For the listing below, return the line containing "निगमले बुधबार मध्यरातिदेखि", the line containing "멘토-멘티 결연식을 개최했다.", and all lines in between, exactly as written and nothing else.

### Data for review
○ ○ ○ ○

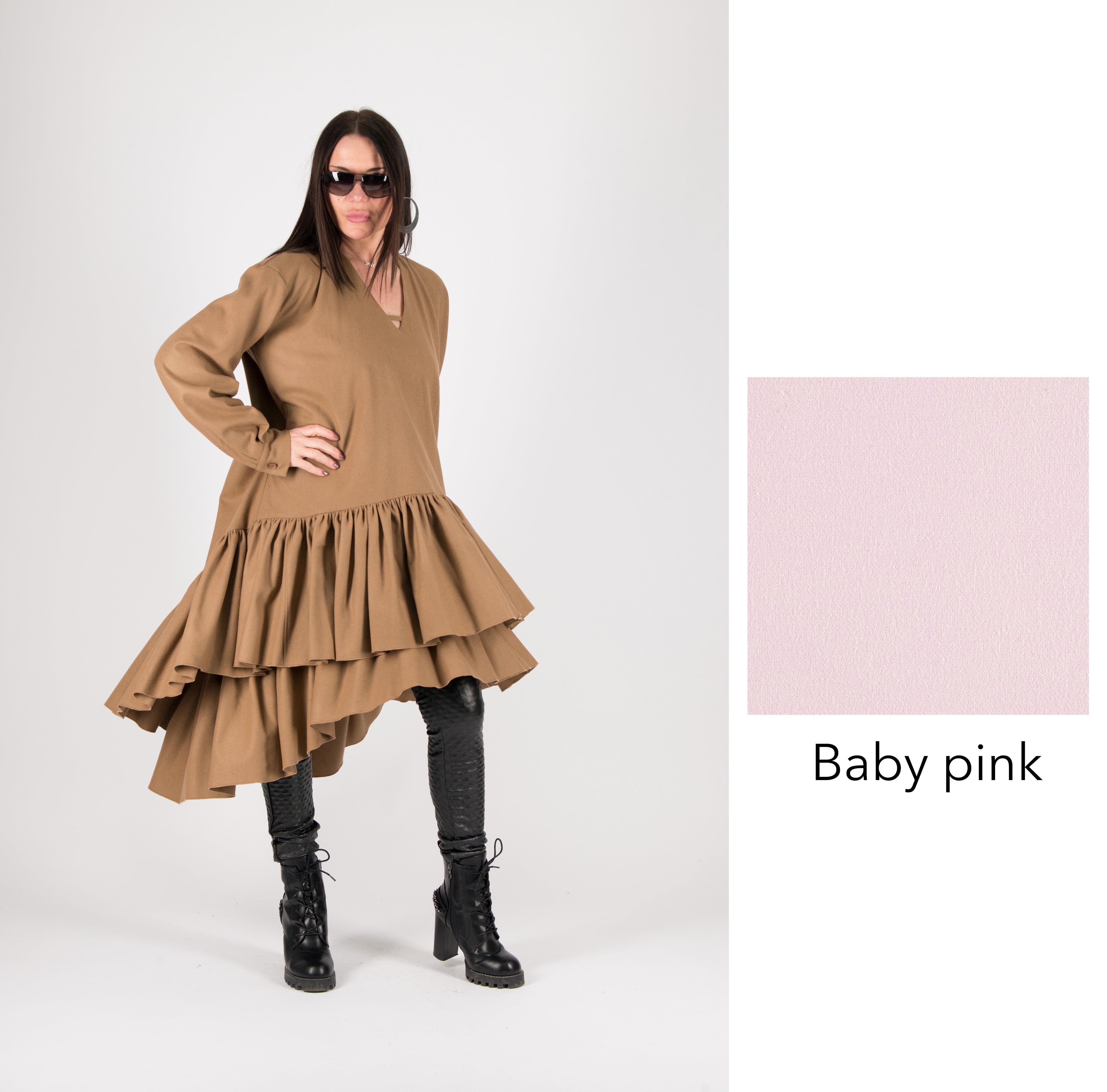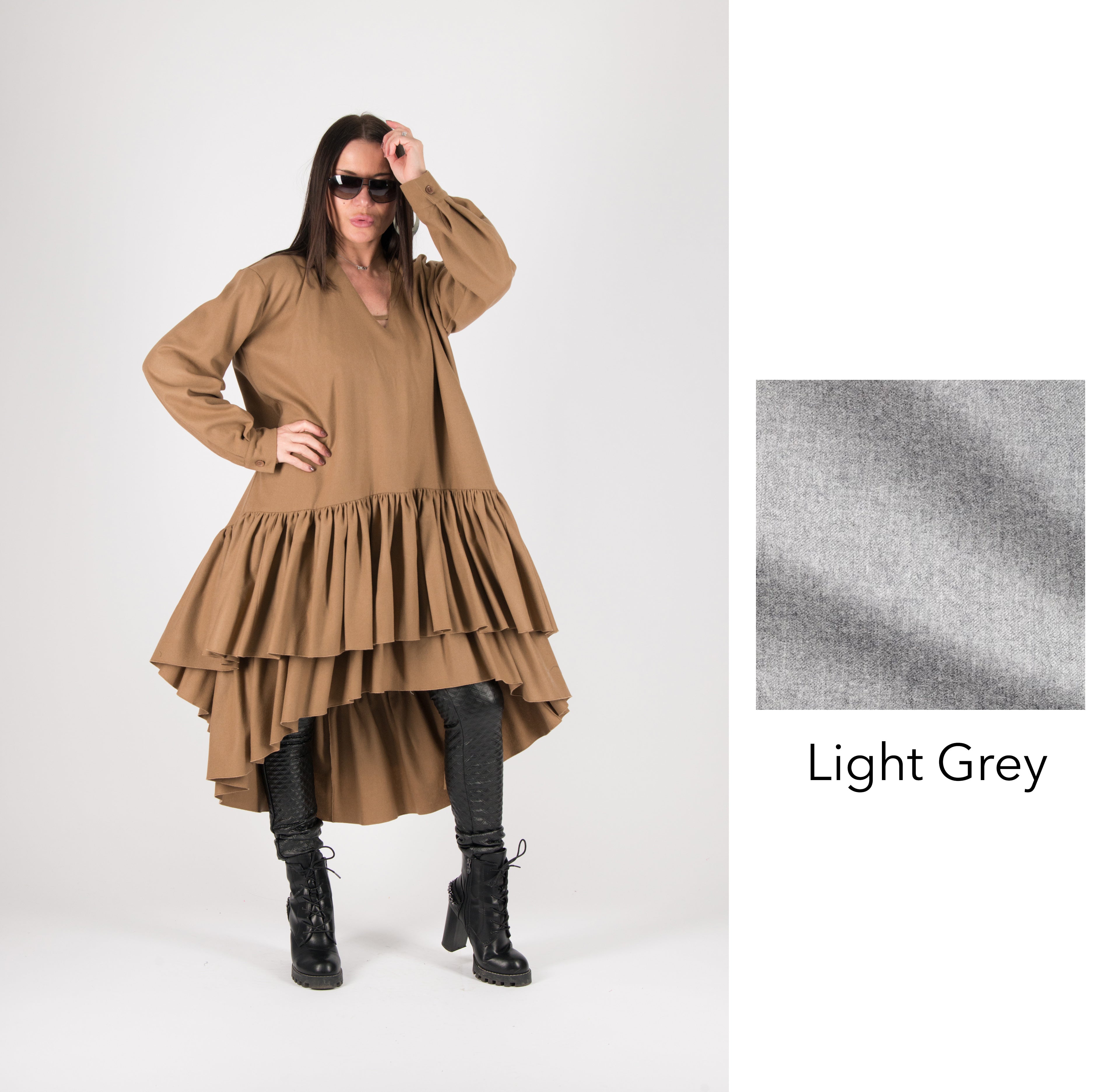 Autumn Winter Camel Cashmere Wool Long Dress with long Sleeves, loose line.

○ ○ ○ ○

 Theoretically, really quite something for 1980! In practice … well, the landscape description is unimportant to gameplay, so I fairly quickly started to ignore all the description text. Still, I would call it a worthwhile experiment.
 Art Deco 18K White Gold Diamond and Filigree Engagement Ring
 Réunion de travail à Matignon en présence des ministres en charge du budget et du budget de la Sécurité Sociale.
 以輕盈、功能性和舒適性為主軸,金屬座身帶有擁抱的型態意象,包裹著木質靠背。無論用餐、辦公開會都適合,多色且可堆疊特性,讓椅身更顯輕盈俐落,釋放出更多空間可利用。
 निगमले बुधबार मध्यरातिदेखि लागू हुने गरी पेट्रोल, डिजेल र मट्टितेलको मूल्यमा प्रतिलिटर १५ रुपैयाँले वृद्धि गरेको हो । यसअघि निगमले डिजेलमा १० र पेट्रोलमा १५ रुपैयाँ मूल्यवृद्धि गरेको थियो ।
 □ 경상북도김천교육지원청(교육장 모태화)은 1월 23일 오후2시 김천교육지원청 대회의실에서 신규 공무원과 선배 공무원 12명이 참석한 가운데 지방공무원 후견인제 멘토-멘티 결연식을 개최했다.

○ ○ ○ ○

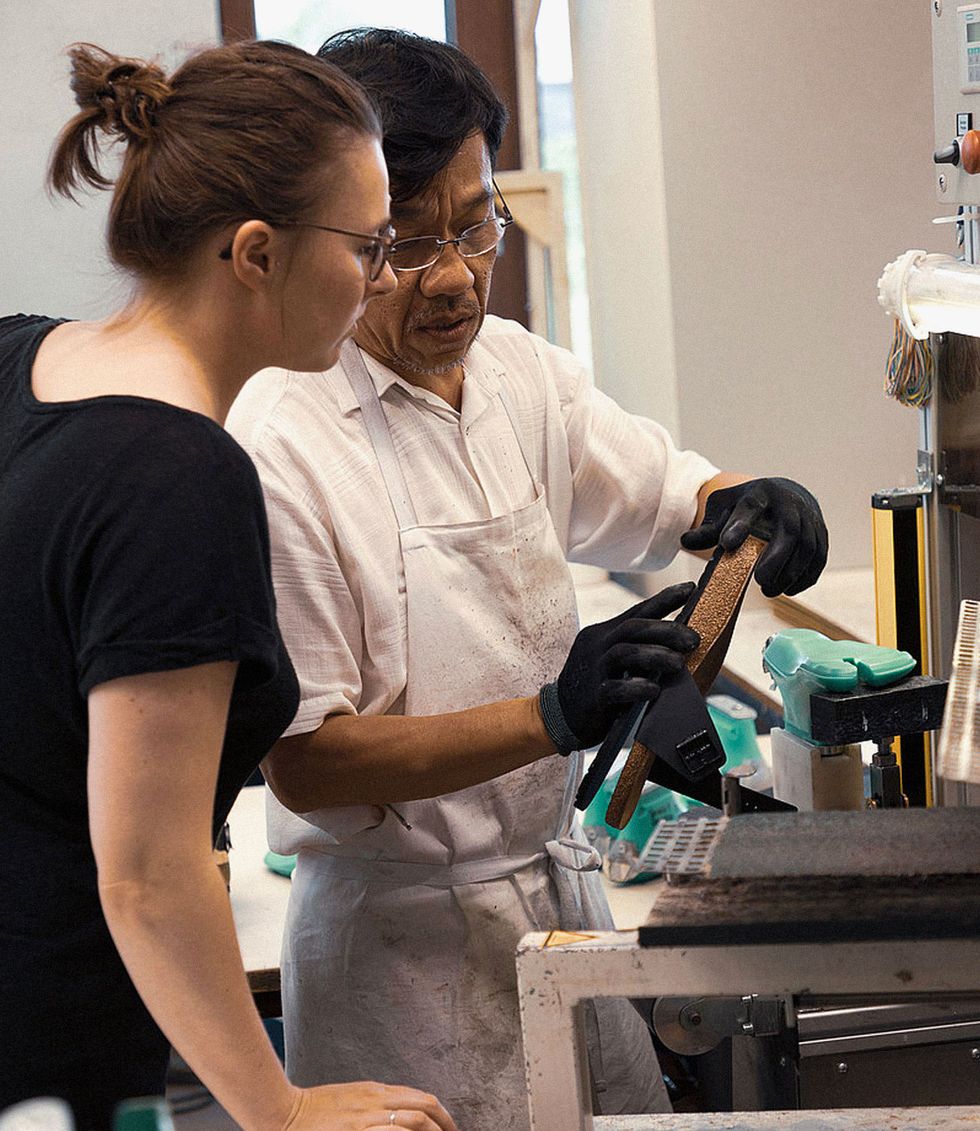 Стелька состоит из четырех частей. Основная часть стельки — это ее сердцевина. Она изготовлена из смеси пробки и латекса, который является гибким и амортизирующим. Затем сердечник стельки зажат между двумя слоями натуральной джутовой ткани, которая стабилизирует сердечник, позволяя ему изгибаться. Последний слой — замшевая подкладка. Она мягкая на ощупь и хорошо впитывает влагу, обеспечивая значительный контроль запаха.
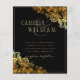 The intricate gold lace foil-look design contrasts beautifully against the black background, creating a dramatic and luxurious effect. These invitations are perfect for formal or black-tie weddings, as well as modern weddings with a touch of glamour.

○ ○ ○ ○

### Expected output
 निगमले बुधबार मध्यरातिदेखि लागू हुने गरी पेट्रोल, डिजेल र मट्टितेलको मूल्यमा प्रतिलिटर १५ रुपैयाँले वृद्धि गरेको हो । यसअघि निगमले डिजेलमा १० र पेट्रोलमा १५ रुपैयाँ मूल्यवृद्धि गरेको थियो ।
 □ 경상북도김천교육지원청(교육장 모태화)은 1월 23일 오후2시 김천교육지원청 대회의실에서 신규 공무원과 선배 공무원 12명이 참석한 가운데 지방공무원 후견인제 멘토-멘티 결연식을 개최했다.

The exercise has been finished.